| Bug #24341 | Performance problem when using ORDER BY in fulltext query | ||
|---|---|---|---|
| Submitted: | 15 Nov 2006 18:28 | Modified: | 21 Nov 2006 16:37 |
| Reporter: | Friedemann Buergel | Email Updates: | |
| Status: | Not a Bug | Impact on me: | |
| Category: | MySQL Server: Optimizer | Severity: | S5 (Performance) |
| Version: | 4, 5 | OS: | Any (All) |
| Assigned to: | CPU Architecture: | Any | |
| Tags: | fulltext, order by, sort | ||
[21 Nov 2006 16:37]
Valeriy Kravchuk
Sorry, but this is a documented limitation of MySQL optimizer. Please, read the manual (http://dev.mysql.com/doc/refman/5.0/en/order-by-optimization.html): " In some cases, MySQL cannot use indexes to resolve the ORDER BY, although it still uses indexes to find the rows that match the WHERE clause. These cases include the following: ... - The key used to fetch the rows is not the same as the one used in the ORDER BY: SELECT * FROM t1 WHERE key2=constant ORDER BY key1; ..." So, even separate index on date column will not help. We have to use workarounds, like those you described.

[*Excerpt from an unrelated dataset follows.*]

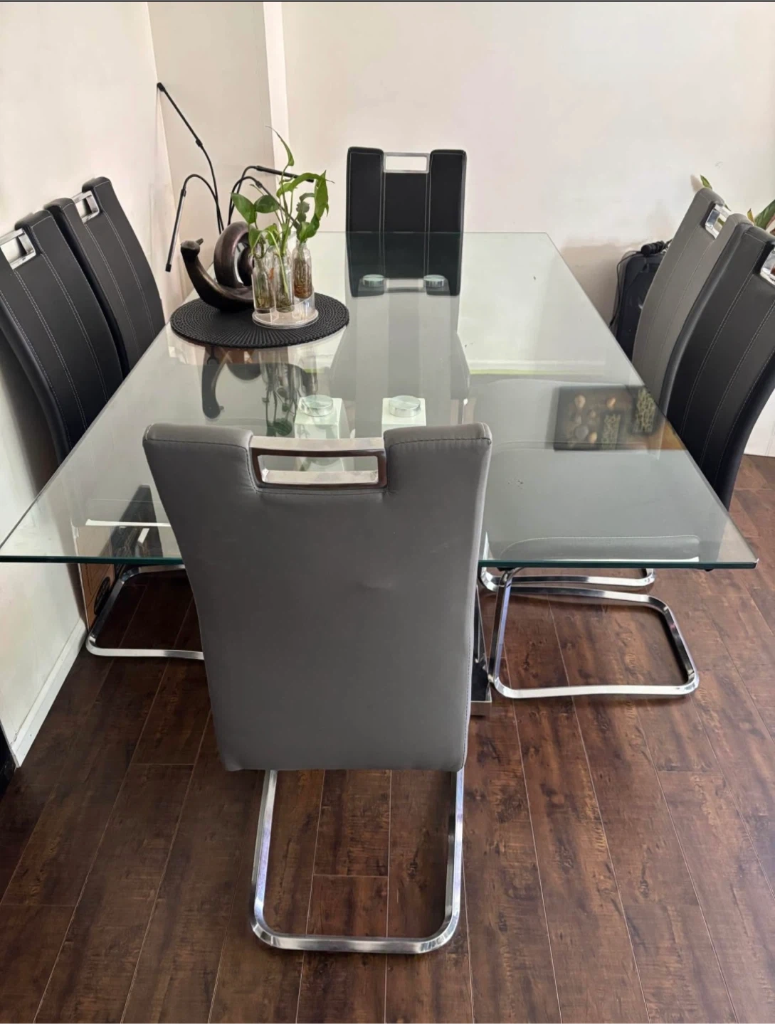 Selling a set of six dining chairs. They are a sleek black and grey colour, with a modern design. The chairs feature a comfortable seat and a stylish metal frame. They would look great in any dining room!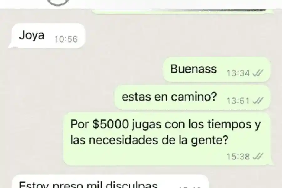 “¿Por 5 mil pesos jugás con los tiempos y la necesidad de la gente?”, le volvió a mandar la muchacha casi 2 horas más tarde, probablemente con la idea de que no iba a recibir ninguna respuesta por parte de ese número.

Description: A heavy performance problem comes up when querying large tables with a fulltext and other columns as soon as ORDER BY is used. The source of the problem seems to be * that querying a large number of rows in fulltext mode is slow even when an index is used * and that using ORDER BY forces mysql to calculate the complete list of hits for the fulltext column even when the query asks only for a small number of rows. How to repeat: Lets say we have a table with just one text and one date column (called text and date). The table has a fulltext index on the text column. On a table with about 30k rows and texts of 15kB average size the query SELECT * FROM mytable WHERE MATCH (text) AGAINST ('someword' ) ORDER BY date LIMIT 10 will produce the effect: When the number of hits in the text column is about 10k, the query will take about 10 seconds on an average class server. Suggested fix: It is possible to circumvent the problem, but only in a cumbersome fashion. In the above example, an additional column could be added that holds an extract of the date coded as keywords. The number of rows can then be reduced by adding something like AND MATCH (date2) AGAINST ( 'datekey200611' ) in order to reduce the total number of matches (say from 10k to about 100). Adding additional AND criteria one just has to take care that these match the results that would come first in the ORDER BY order. The method is therefore not limited to the date column case. But it is cumbersome, especially since the additional criteria may limit the final number of results below the desired amount. Therefore it would be very desirable to have mysql server solve the problem internally. The circumvention described could give a hint on how to address the issue.